Task to complete: Every line below from the one containing "Adesivo Oval Cavalo castanho contra cerca" through the one containing "Rihanna mostró parte" must be transcribed exactly. Omit all lines outside that stretch.

--- Exercise materials Enclosed Below ---

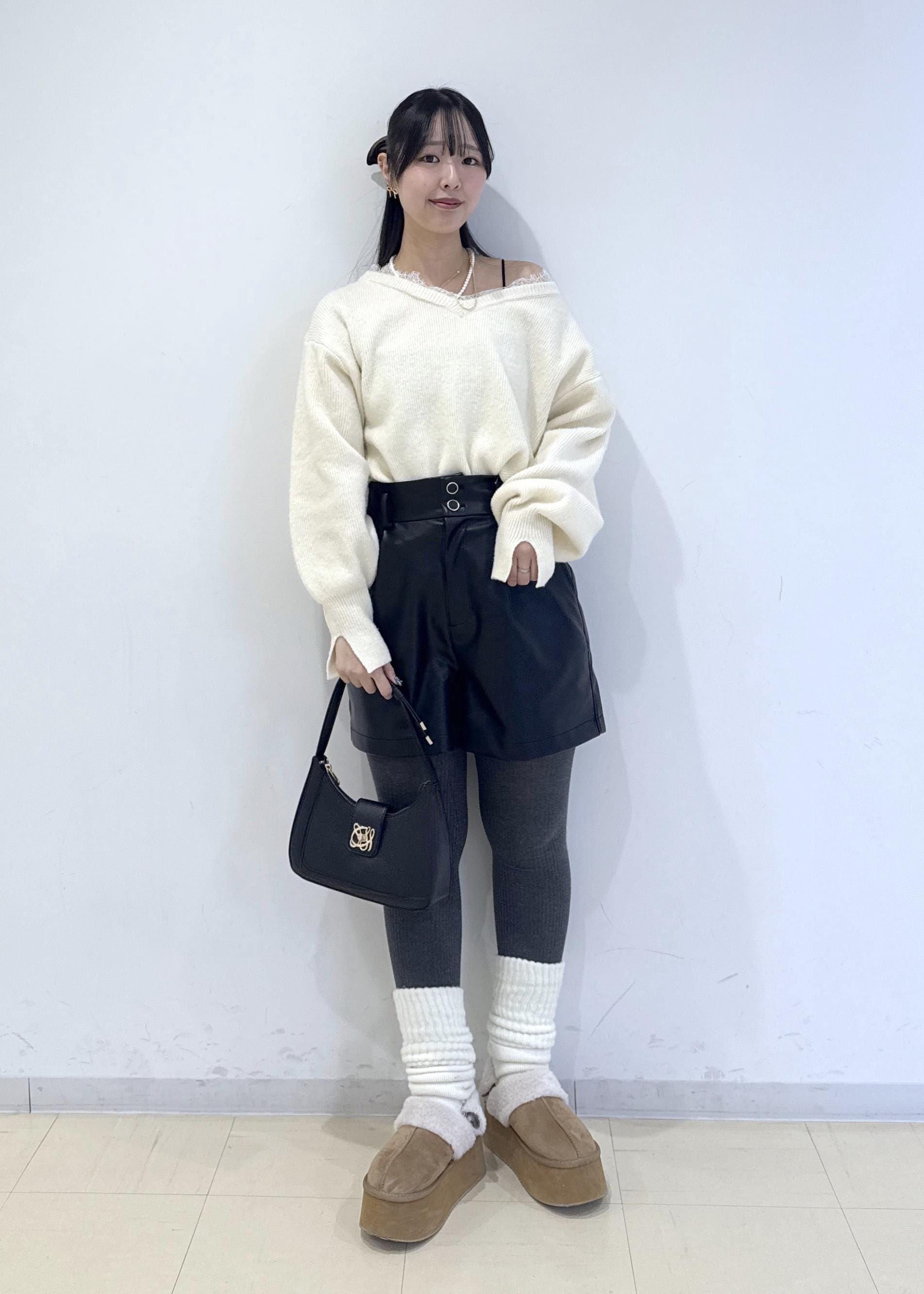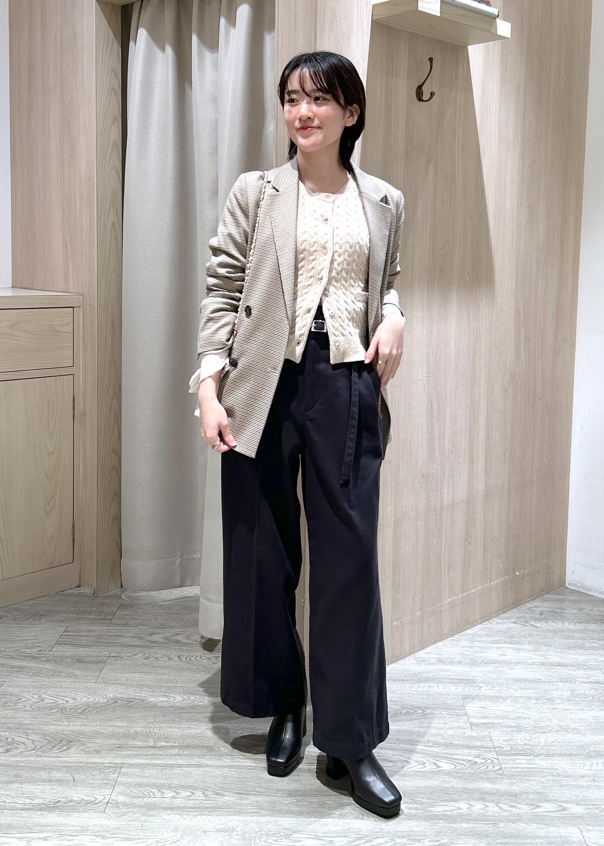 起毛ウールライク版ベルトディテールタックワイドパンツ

--- End of Enclosed Exercise materials ---
--- Exercise materials Enclosed Below ---

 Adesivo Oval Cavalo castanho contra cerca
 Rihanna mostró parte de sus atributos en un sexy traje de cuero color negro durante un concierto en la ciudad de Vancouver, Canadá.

--- End of Enclosed Exercise materials ---

Written response:
 Adesivo Oval Cavalo castanho contra cerca
 Rihanna mostró parte de sus atributos en un sexy traje de cuero color negro durante un concierto en la ciudad de Vancouver, Canadá.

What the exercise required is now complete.